Qu’on me permette de donner ici un avis très personnel sur ce qui constitue le plus beau passage de la littérature grecque. De nombreux extraits mériteraient de figurer en tête de classement, et je ne rallierai pas tous les suffrages autour de l’extrait que je vais présenter.
L’objet de mon choix se situe au chant 24 de l’Iliade, au terme d’une succession d’événements remarquables : Hector a tué Patrocle, ce qui a décidé Achille à reprendre le combat pour venger son compagnon. Le duel est inégal et Hector, conscient de son infériorité face à Achille, a pris la fuite, bientôt rattrapé par son adversaire. Achille tue Hector, outrage le cadavre et le traîne derrière son char sous les yeux horrifiés du roi Priam, qui contemple le triste spectacle du haut des murs de la citadelle de Troie.
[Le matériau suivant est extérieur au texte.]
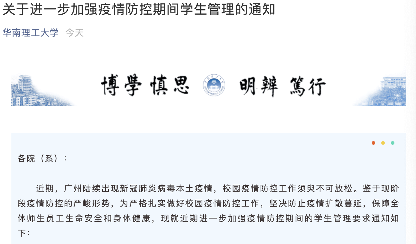 其中,华南理工大学要求暂停学生各类外出实习活动,暨南大学学生“非必要不出校”,非紧急或重要公务的校外人员,一律不得入校。华南农业大学学生出校须经辅导员审批,暂停校园非必要大型聚集活动,beat365英国官网网站预约进校人员,则需持3天内核酸检测阴性证明。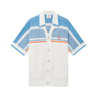 The Casablanca Cotton Tennis Crochet Shirt in Blue reimagines classic tennis attire with a luxurious twist, embodying the brand's signature blend of elegance and urban edge. Crafted from 100% cotton in a crochet knit, this short-sleeve shirt offers a relaxed fit, making it a versatile addition to any wardrobe. The design features an open collar, front button closure with signature gold-rimmed pearl buttons, and front patch pockets, adding a touch of sophistication to the classic silhouette. Stripe details across the shoulders, chest, and sleeves, along with striped edge detailing on the collar and cuffs, enhance the shirt's athletic-inspired aesthetic.

Finalement, après que l’on a rendu un dernier hommage à Patrocle, le vieux Priam prend tous les risques pour récupérer le corps de son fils chéri. Bravant la nuit, il passe les sentinelles qui gardent le camp des Achéens et vient trouver Achille dans sa tente afin de lui offrir une riche rançon en échange de la dépouille d’Hector. Les deux hommes, qu’une génération sépare, mangent et boivent ensemble tout en versant d’abondantes larmes : Priam a perdu un fils, tandis qu’Achille a vaincu un ennemi détesté, le meurtrier de Patrocle. Vient alors le moment d’un échange : Priam va pouvoir emporter le cadavre d’Hector, non sans avoir remis une rançon qu’Achille accepte du vieillard. C’est à ce point précis que se produit un événement extraordinaire :
« Le fils de Pélée, tel un lion bondissant de sa tanière, se dirigea vers la porte. Il n’était pas seul : deux desservants l’accompagnaient, le héros Automédon et Alkimos, eux qu’Achille estimait le plus depuis que Patrocle était mort. Ils dételèrent alors les juments et les mules, introduisirent le héraut qui faisait les proclamations pour le noble vieillard, et ils l’assirent sur le char. Ils prirent du véhicule bien poli l’immense rançon qui devait racheter la tête d’Hector, mais ils laissèrent deux voiles et un manteau bien tissé, pour qu’il puisse protéger le corps et lui permette de le ramener chez lui. Il appela des servantes et leur ordonna de laver et d’oindre la dépouille à l’écart, pour éviter que Priam ne vît son fils : il ne fallait pas que, à la vue de son enfant, la colère ne s’empare de son cœur attristé. Achille en fut affligé en son for intérieur, et il aurait tué Priam, mais c’eût été transgresser les ordres de Zeus. Les servantes lavèrent et oignirent donc le corps avec de l’huile, et elles l’entourèrent d’un beau voile ainsi que du manteau ; Achille en personne souleva et plaça Hector sur sa couche, puis ses compagnons le soulevèrent pour le poser sur le véhicule bien poli. Achille poussa ensuite un gémissement, invoquant son cher compagnon : ‘Ne sois pas fâché contre moi, Patrocle, si tu apprends que, alors que tu te trouves dans l’Hadès, j’ai rendu le divin Hector à son père. En effet, il m’a remis une rançon considérable. Et à toi, en contrepartie, je te remettrai la part qui te revient.’ » (voir Iliade 24.572-595)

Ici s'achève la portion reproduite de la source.